È considerato, tra i sociologi dei media, il più accreditato per ciò che riguarda i fumetti, i manga e il cinema d'animazione. Suoi contributi appaiono su riviste italiane e straniere, in libri collettivi e in atti di convegni. Ha scritto quattro libri: Sense of Comics. La grafica dei cinque sensi nel fumetto (Castelvecchi, 1998); Mazinga Nostalgia. Storia, valori e linguaggi della Goldrake-generation (Castelvecchi, 1999; King Saggi, 2002; Coniglio, 2008) con cui ha vinto il premio "Franco Fossati" 2000 come miglior libro dell'anno dedicato alla saggistica su fumetto, cartoon e media; Conoscere l'animazione. Forme, linguaggi e pedagogie del cinema animato per ragazzi (Valore Scuola, 2004) e Il Drago e la Saetta. Modelli, strategie e identità dell'immaginario giapponese (Tunué, 2008). Per le Edizioni Tunué è coordinatore scientifico del reparto saggistica e dirige le collane Lapilli e Le virgole.

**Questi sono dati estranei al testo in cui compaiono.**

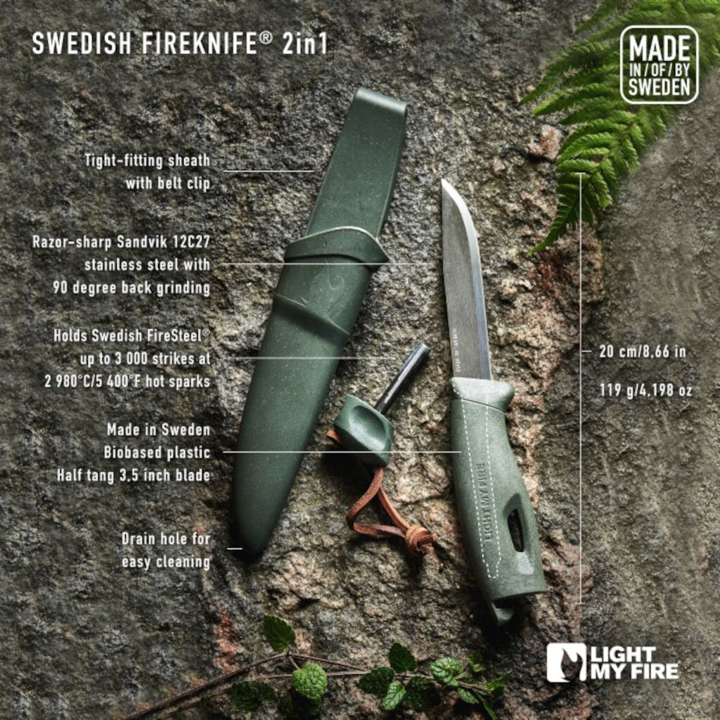 Light My Fire FireKnife er en allroundkniv, der passer til alle former for udendørsaktiviteter, fra fisketure til at tænde bål under campingturen. Kniven er fremstillet i Sverige, hvor håndtaget er lavet af bioplast baseret på kokosfiber, og det højtydende blad er lavet af 90% genanvendt rustfrit stål fra Sandvik. Ud over at være en skarp og ergonomisk kniv har den også et tændstål indbygget i håndtaget. Tændstålet fungerer i al slags vejr, uanset højde, og kan tænde både bål og campingkomfurer. Tændstålet producerer fremragende gnister, hvilket gør det lettere at tænde bål sammenlignet med mange andre mærker på markedet.
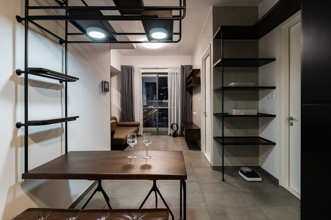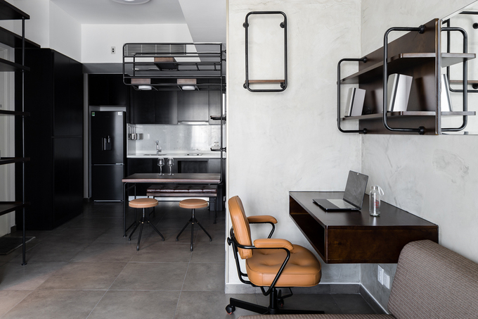 Căn hộ Sài Gòn sử dụng đồ nội thất chủ yếu làm từ các thanh sắt, nhằm giúp giảm diện tích và không tốn công bảo dưỡng.

Un suo saggio, dal titolo Global Media? Eroi-merce, transcultura di massa e mediatizzazione mondiale, è stato pubblicato in "Comicswood. Dizionario del cinefumetto", Vol. I (Alessandro Bottero Editore, 2003), un'opera in quattro volumi.

Ha scritto la voce "Fumetto" dell'Enciclopedia Multimediale Le Muse, De Agostini.

Il suo intervento riguarda Miyazaki inteso come «azienda», ma al tempo stesso come «filosofo/pedagogo» e a volte come «vetrina» di un Giappone che attrae.


Domenico Sicolo

Ha raccolto significative esperienze in svariati campi di applicazione del fumetto e dell’illustrazione, dalla vignetta umoristica (Campus- Class editori Milano) alla web illustration, dal fumetto (Very Strong Family – Telenorba, Cit & Ces Investighèscion -Barisera) alla scenografia, al cortometraggio. Ha vinto svariati premi per il fumetto, miglior sceneggiatura e umorismo, ha realizzato il volume I colori della libertà, assieme a sette scrittori, unendo racconto e fumetto, e il libro a fumetti, con episodi della vita di don Tonino Bello, Don Tonino a Fumetti. Ha di recente (2008) illustrato l’ultimo libro della scrittrice Pulsatilla Quest'anno ti ha detto male. Lettere a Babbo Natale cestinate da lui medesimo e casualmente ritrovate, edito da Bompiani. Il suo intervento esamina le differenze di approccio, alla lettura dei fumetti e ai linguaggi visuali, in base al vissuto culturale occidentale o orientale.